## Data section
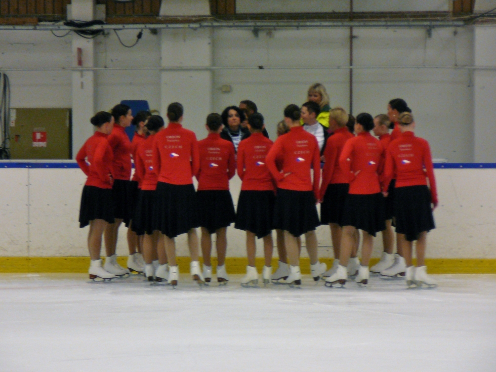 Dopolední trénink se konal v hlavní hale v klidném duchu. Led byl přemrzlý a pěkně se štípal, ale dokázali jsme si s tím poradit a projeli jsme si celý krátký program po částech. Následovalo první shlédnutí konkurenčních týmů – koukali jsme se na ruský tým Paradise. Kolem jedné hodiny odpolední jsme šli na oběd do hotelu, na kterém jsme si pochutnali a následoval hodinový odpolední odpočinek. Poté opět následoval odpolední kolotoč – rozcvička a šup na zimák do tréninkové haly, kde byla na řadě volná jízda.
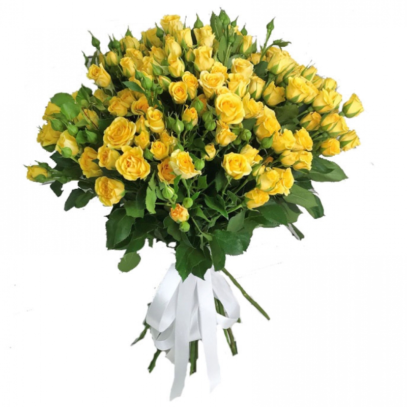 Букет состоит из 27 желтых кустовых роз, прозрачная упаковка, атласная лента.
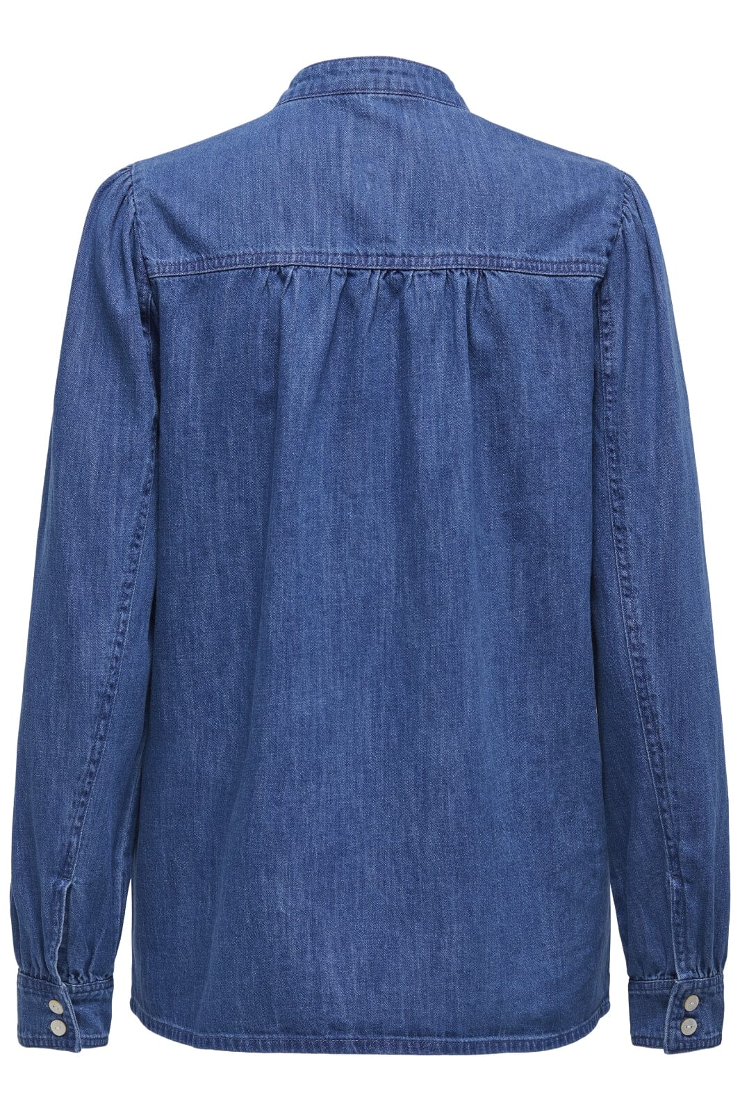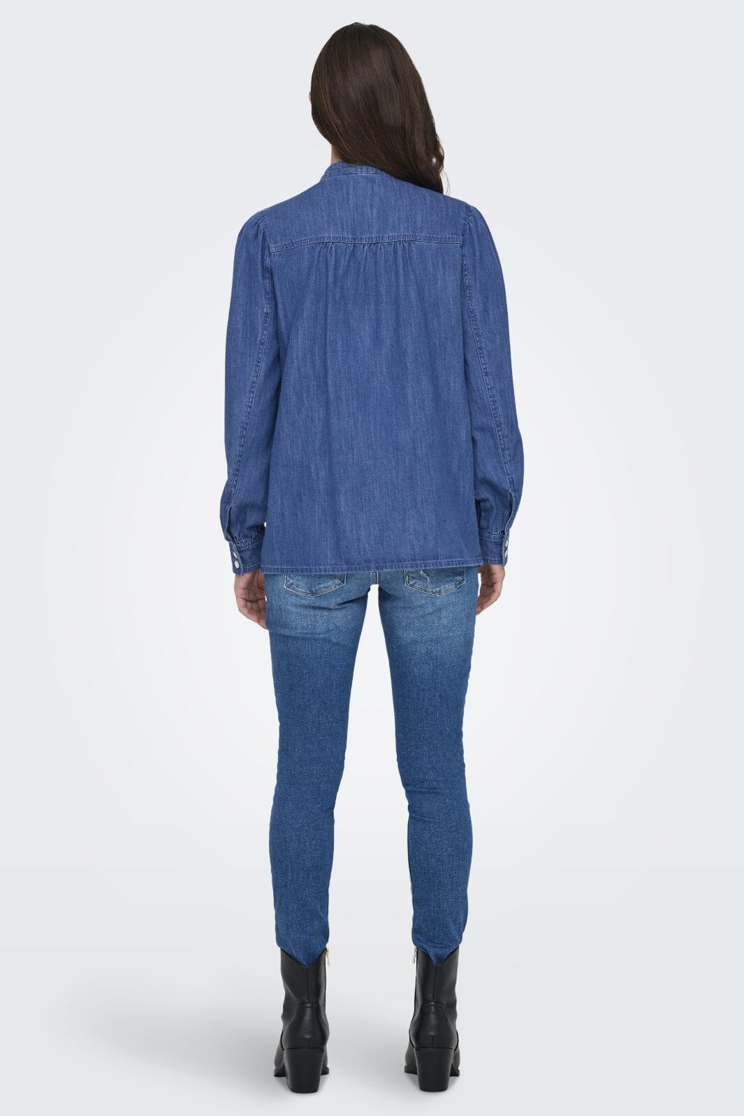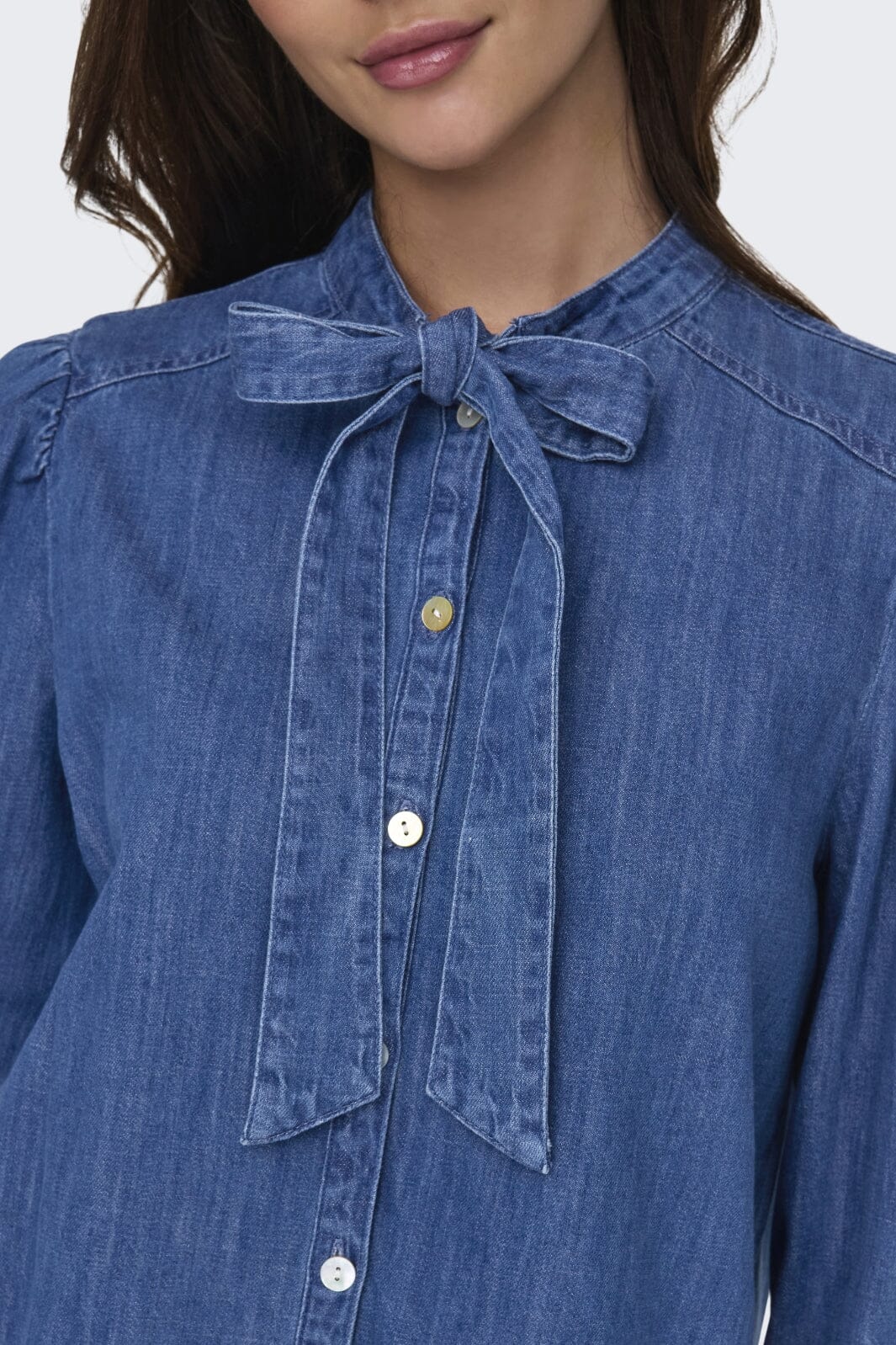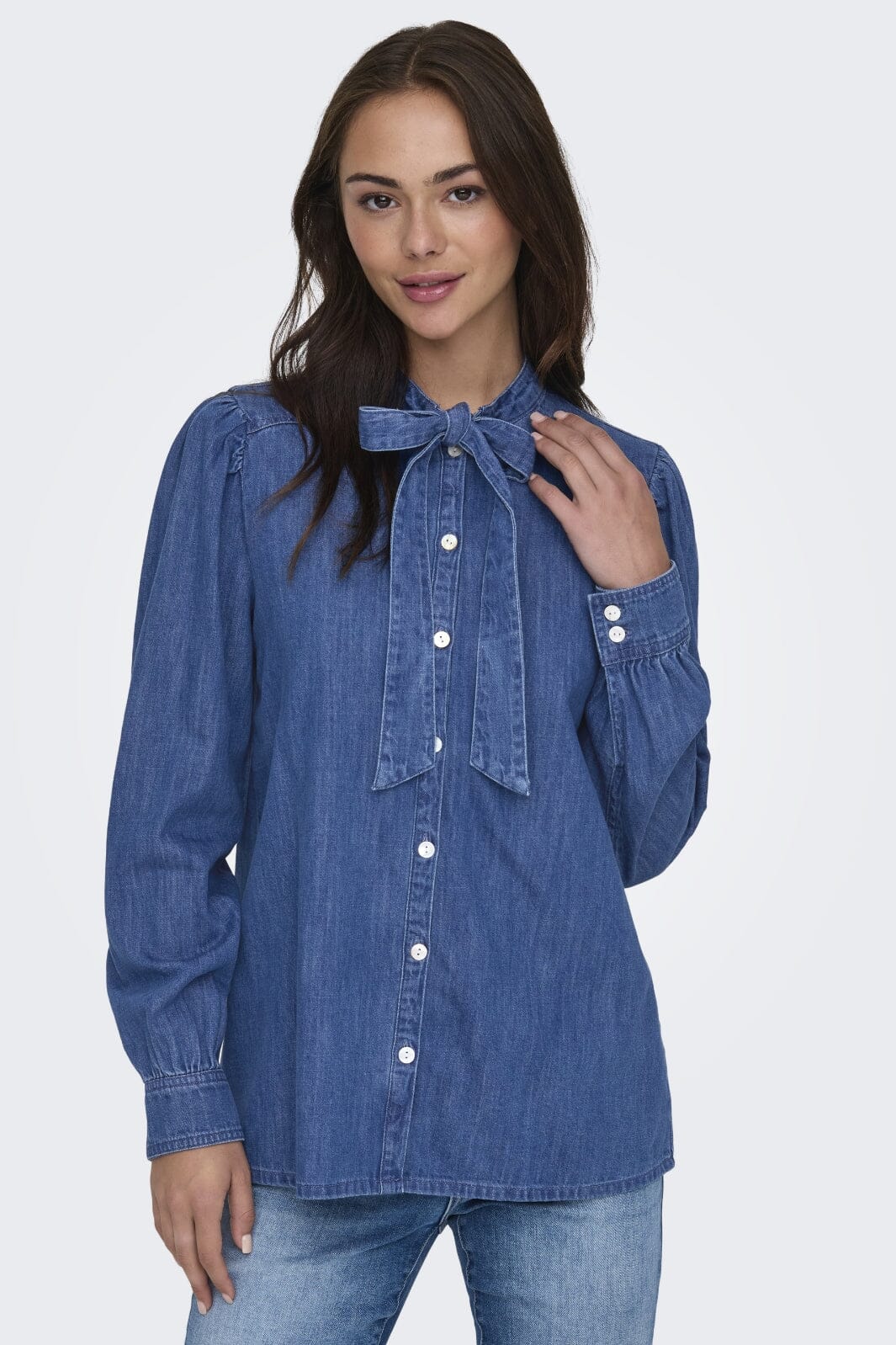 Mellanblå denimskjorta från Only med en rosett vid halsen. Skjortan har en klassisk skjortkrage och långa ärmar med manschetter som kan knäppas.

## Work to complete
Copy the data precisely. Skip every picture.

## Response
 Dopolední trénink se konal v hlavní hale v klidném duchu. Led byl přemrzlý a pěkně se štípal, ale dokázali jsme si s tím poradit a projeli jsme si celý krátký program po částech. Následovalo první shlédnutí konkurenčních týmů – koukali jsme se na ruský tým Paradise. Kolem jedné hodiny odpolední jsme šli na oběd do hotelu, na kterém jsme si pochutnali a následoval hodinový odpolední odpočinek. Poté opět následoval odpolední kolotoč – rozcvička a šup na zimák do tréninkové haly, kde byla na řadě volná jízda.
 Букет состоит из 27 желтых кустовых роз, прозрачная упаковка, атласная лента.
 Mellanblå denimskjorta från Only med en rosett vid halsen. Skjortan har en klassisk skjortkrage och långa ärmar med manschetter som kan knäppas.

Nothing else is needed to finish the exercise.